━━ Source information ━━
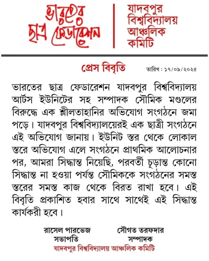 সংগঠনের তরফে বুধবার জারি করা এক প্রেস বিবৃতিতে জানানো হয়েছে, অভিযোগ পাওয়ার পর স্থানীয় স্তরে প্রাথমিক আলোচনা সেরে বিষয়টি আঞ্চলিক কমিটির কাছে পাঠানো হয়। প্রাথমিক তদন্তে অভিযোগের যথেষ্ট ভিত্তি পাওয়া গিয়েছে বলে মনে করছে সংগঠন। তাই চূড়ান্ত সিদ্ধান্ত না-হওয়া পর্যন্ত সৌমিক মণ্ডলকে সমস্ত সাংগঠনিক কাজ থেকে সাসপেন্ড রাখা হবে। বিবৃতিতে আঞ্চলিক কমিটির সভাপতি রাসেল পারভেজ এবং সম্পাদক সৌগত তরফদার স্বাক্ষর করেছেন।
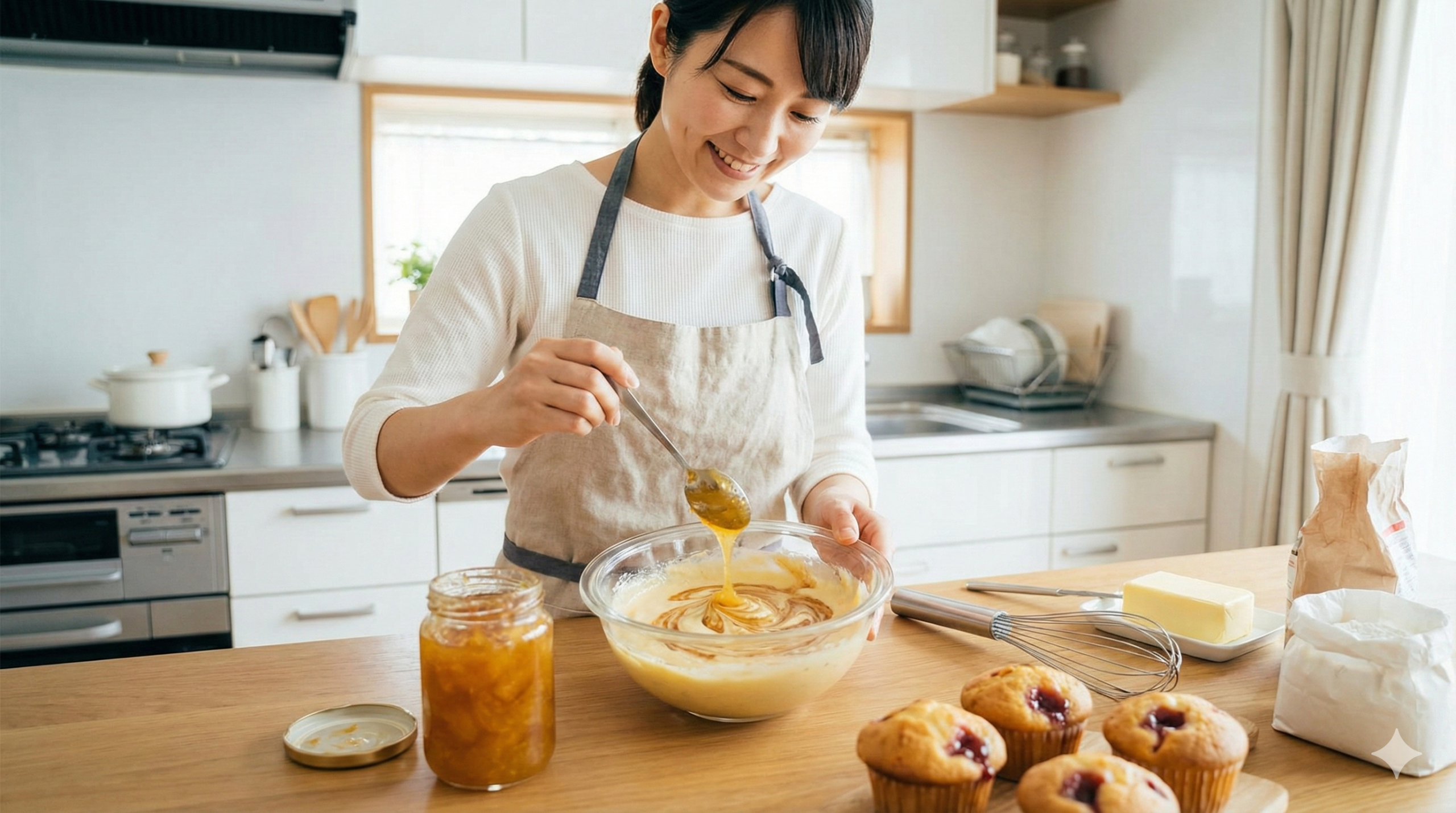 梅ジャムがお菓子作りに適している最大の理由は、その「酸味」と「ペクチン」にあります。梅に含まれる豊富なクエン酸は、甘いお菓子に爽やかなアクセントを加え、味が単調になるのを防ぎます。また、加熱によってとろみがついた梅ジャムは、生地に混ぜ込んだり、トッピングとして使用したりする際に非常に扱いやすいテクスチャーを持っています。ここでは、特別な道具や複雑な工程を必要としない、手軽に挑戦できる活用法について詳しく見ていきましょう。
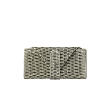 クロム鞣しの牛革にメタリック塗装をし、ダイヤ形の深い型押しを施しています。
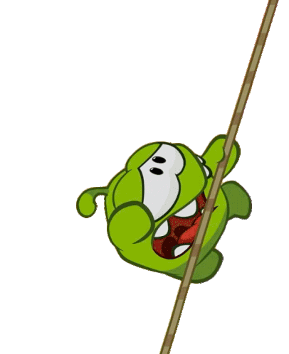 Om Nom struggles to climb a brown rope, showing determination in an uphill battle.
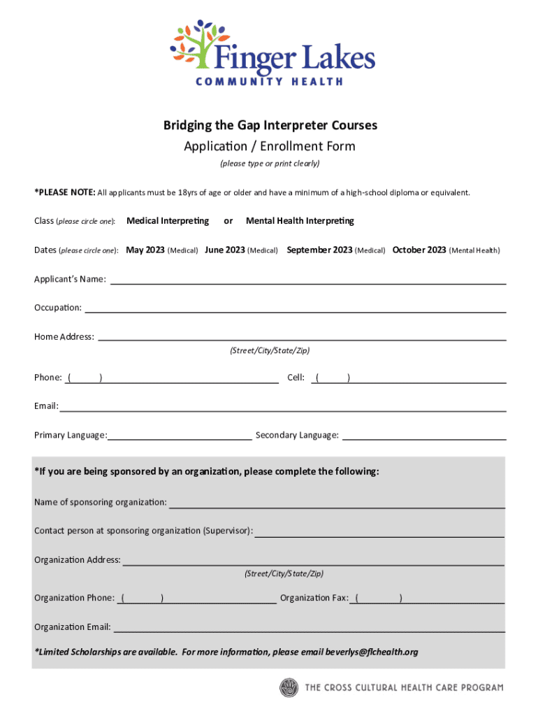 This form is to be filled out by applicants for the Bridging the Gap Interpreter Courses, specifically for Medical and Mental Health interpreting. It collects personal information and details regarding
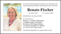 In Liebe und Dankbarkeit nehmen wir Abschied von unserer geliebten Mutter, Schwiegermutter und Oma Renate Fischer * 10. April 1951 + 17. Januar 2026 Gündlkofen, im Januar 2026 In tiefer Trauer: Simone und Andreas Radspieler mit Lukas, Anja und Lorenz Dr. Kai und Dr. Verena Fischer mit Cecilia, Leopold und Nicolas im Namen aller Angehörigen Die Beisetzung findet im engsten Kreis statt.
━━━
Assignment
Return the preceding entries verbatim, with the pictures excluded.

Response area
 সংগঠনের তরফে বুধবার জারি করা এক প্রেস বিবৃতিতে জানানো হয়েছে, অভিযোগ পাওয়ার পর স্থানীয় স্তরে প্রাথমিক আলোচনা সেরে বিষয়টি আঞ্চলিক কমিটির কাছে পাঠানো হয়। প্রাথমিক তদন্তে অভিযোগের যথেষ্ট ভিত্তি পাওয়া গিয়েছে বলে মনে করছে সংগঠন। তাই চূড়ান্ত সিদ্ধান্ত না-হওয়া পর্যন্ত সৌমিক মণ্ডলকে সমস্ত সাংগঠনিক কাজ থেকে সাসপেন্ড রাখা হবে। বিবৃতিতে আঞ্চলিক কমিটির সভাপতি রাসেল পারভেজ এবং সম্পাদক সৌগত তরফদার স্বাক্ষর করেছেন।
 梅ジャムがお菓子作りに適している最大の理由は、その「酸味」と「ペクチン」にあります。梅に含まれる豊富なクエン酸は、甘いお菓子に爽やかなアクセントを加え、味が単調になるのを防ぎます。また、加熱によってとろみがついた梅ジャムは、生地に混ぜ込んだり、トッピングとして使用したりする際に非常に扱いやすいテクスチャーを持っています。ここでは、特別な道具や複雑な工程を必要としない、手軽に挑戦できる活用法について詳しく見ていきましょう。
 クロム鞣しの牛革にメタリック塗装をし、ダイヤ形の深い型押しを施しています。
 Om Nom struggles to climb a brown rope, showing determination in an uphill battle.
 This form is to be filled out by applicants for the Bridging the Gap Interpreter Courses, specifically for Medical and Mental Health interpreting. It collects personal information and details regarding
 In Liebe und Dankbarkeit nehmen wir Abschied von unserer geliebten Mutter, Schwiegermutter und Oma Renate Fischer * 10. April 1951 + 17. Januar 2026 Gündlkofen, im Januar 2026 In tiefer Trauer: Simone und Andreas Radspieler mit Lukas, Anja und Lorenz Dr. Kai und Dr. Verena Fischer mit Cecilia, Leopold und Nicolas im Namen aller Angehörigen Die Beisetzung findet im engsten Kreis statt.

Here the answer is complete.